Playing games is a universal human experience. Every country and culture plays games unique and ubiquitous to its people, from the ancient Chinese game Go to modern computer games such as SimCity.
But games are more than a human hobby. They’re a training ground for artificial intelligence (AI) to learn fundamental decision-making skills, handle uncertainty, and tackle complex interactions. AI’s ability to tirelessly explore thousands of possibilities makes it the perfect tool for finding strategies humans might overlook.
Angelos Stavrou, professor in the Bradley Department of Electrical and Computer Engineering and founder of mobile security startup A2 Labs, plans to take AI training to the next level with a multi-agent training exerciser (MATrEx). Through this “matrix,” AI faces a new opponent — other AI — but the implications go beyond a fun game.
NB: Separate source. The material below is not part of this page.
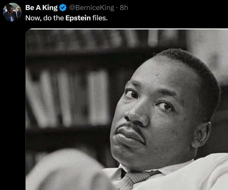 MLK’s daughter Bernice instantly smote Donald for using her father this way, saying “Now, do the Epstein files.”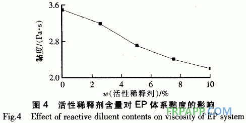 25℃時純EP的黏度為5~10 Pa·s 由圖4可知:體系黏度隨活性稀釋劑含量增加而降低,說明在EP/BH一1體系黏度相對較低的基礎(chǔ)上,通過改變活性稀釋劑的含量,可進一步調(diào)節(jié)體系的黏度,以滿足成型工藝對樹脂體系的黏度要求。

“What we want to do is take a network, like the Virginia Tech network, copy it into a virtual environment, and then run simulations of attacks and defenses with logic generated by AI agents,” said Stavrou, who’s also entrepreneurship lead for the Virginia Tech Innovation Campus. “AI can play billions of game variations so they can actually characterize the cybersecurity start of the system, and decide which attacks or defenses are superior.”
Playing the game
In a world plagued by persistent and never-ending cyber threats, improving the security of computer networks by minimizing vulnerabilities is essential for protecting cell phones, the 5G wireless system, and the thousands of data centers in the United States. The process is called “network hardening.” It’s like adding strong locks to a home and reinforcing its walls.
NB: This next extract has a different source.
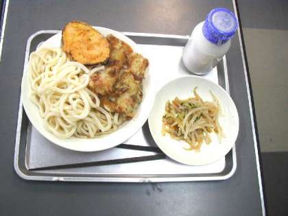 今日の給食 公開日 2012/07/11 更新日 2012/07/11 その他の教育活動 冷やしてんぷらうどんでした。暑い日だったので、うどんが冷たくておいしかったです。(7月10日) 《今日の食材産地》 卵:群馬 ねぎ:千葉 もやし:栃木 きゅうり:群馬 さつま芋:千葉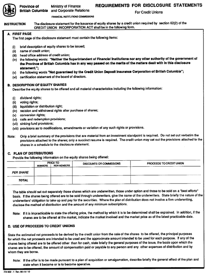 4 In addition to the requirements for a disclosure statement in section 62 of the Act, the form of disclosure statement referred to in that section shall be in a form that conforms to the requirements set out in the attached form entitled "Requirements for Disclosure Statements".

MATrEx is a $16 million project funded by the Defense Advanced Research Projects Agency as part of Cyber Agents for Testing and Learning Environments. It’s a trailblazing way to train AI in a three-tiered gaming system – simulations, emulations, and a real network. Within the MATrEx, AI agents are grouped into two categories:
- Red agents, that need to learn the gaming network and how best to break through system defenses for attacks
- Blue agents that understand the network fully, including defense capabilities
The “games” are scenarios red and blue agents run against each other. Researchers will study what attacks break through, which defenses stop the attacks, what happens during a specific attack, and more.
“The idea is that we’ll create a loop, so the AI can play in a network that will start from a real network, then emulate it and simulate it,” said Stavrou. “The real system is accurate, but it’s slow. The simulation is fast, but it’s not as accurate. So you need to play the game across all these environments, transferring knowledge from the real network to the simulated. Then you transfer strategies from the simulated back to the real network.”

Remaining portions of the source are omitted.